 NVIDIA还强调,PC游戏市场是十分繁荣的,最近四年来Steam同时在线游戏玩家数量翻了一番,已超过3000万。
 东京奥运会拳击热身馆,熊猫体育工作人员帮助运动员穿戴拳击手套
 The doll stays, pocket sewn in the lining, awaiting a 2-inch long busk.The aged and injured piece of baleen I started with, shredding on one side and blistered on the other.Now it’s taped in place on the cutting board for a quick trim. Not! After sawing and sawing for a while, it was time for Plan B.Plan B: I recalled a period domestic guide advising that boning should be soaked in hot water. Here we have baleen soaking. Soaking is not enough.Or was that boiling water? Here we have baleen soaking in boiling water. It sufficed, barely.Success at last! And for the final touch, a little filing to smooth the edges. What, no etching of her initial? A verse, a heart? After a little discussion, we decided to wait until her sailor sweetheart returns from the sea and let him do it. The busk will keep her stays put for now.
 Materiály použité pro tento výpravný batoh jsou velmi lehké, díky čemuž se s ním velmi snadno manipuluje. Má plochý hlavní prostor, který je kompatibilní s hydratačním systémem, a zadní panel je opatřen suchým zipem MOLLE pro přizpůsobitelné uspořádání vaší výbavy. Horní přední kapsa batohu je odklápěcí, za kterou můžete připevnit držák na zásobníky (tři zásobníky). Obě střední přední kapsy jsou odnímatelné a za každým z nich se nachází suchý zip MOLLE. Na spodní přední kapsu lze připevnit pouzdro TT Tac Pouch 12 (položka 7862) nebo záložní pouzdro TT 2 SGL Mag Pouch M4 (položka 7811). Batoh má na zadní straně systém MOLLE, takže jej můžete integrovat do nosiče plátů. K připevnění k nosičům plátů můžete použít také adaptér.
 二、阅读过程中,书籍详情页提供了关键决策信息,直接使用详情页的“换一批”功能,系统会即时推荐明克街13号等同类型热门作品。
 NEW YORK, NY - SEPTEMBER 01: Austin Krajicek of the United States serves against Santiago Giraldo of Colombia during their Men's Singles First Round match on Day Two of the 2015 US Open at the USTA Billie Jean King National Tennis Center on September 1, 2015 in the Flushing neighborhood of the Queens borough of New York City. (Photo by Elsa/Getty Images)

====

# PROBLEM REQUIREMENTS
Starting at the top of the listing above, repeat every line exactly until the line that contains "东京奥运会拳击热身馆,熊猫体育工作人员帮助运动员穿戴拳击手套" has been repeated too.

# ANSWER TO THIS EXERCISE
 NVIDIA还强调,PC游戏市场是十分繁荣的,最近四年来Steam同时在线游戏玩家数量翻了一番,已超过3000万。
 东京奥运会拳击热身馆,熊猫体育工作人员帮助运动员穿戴拳击手套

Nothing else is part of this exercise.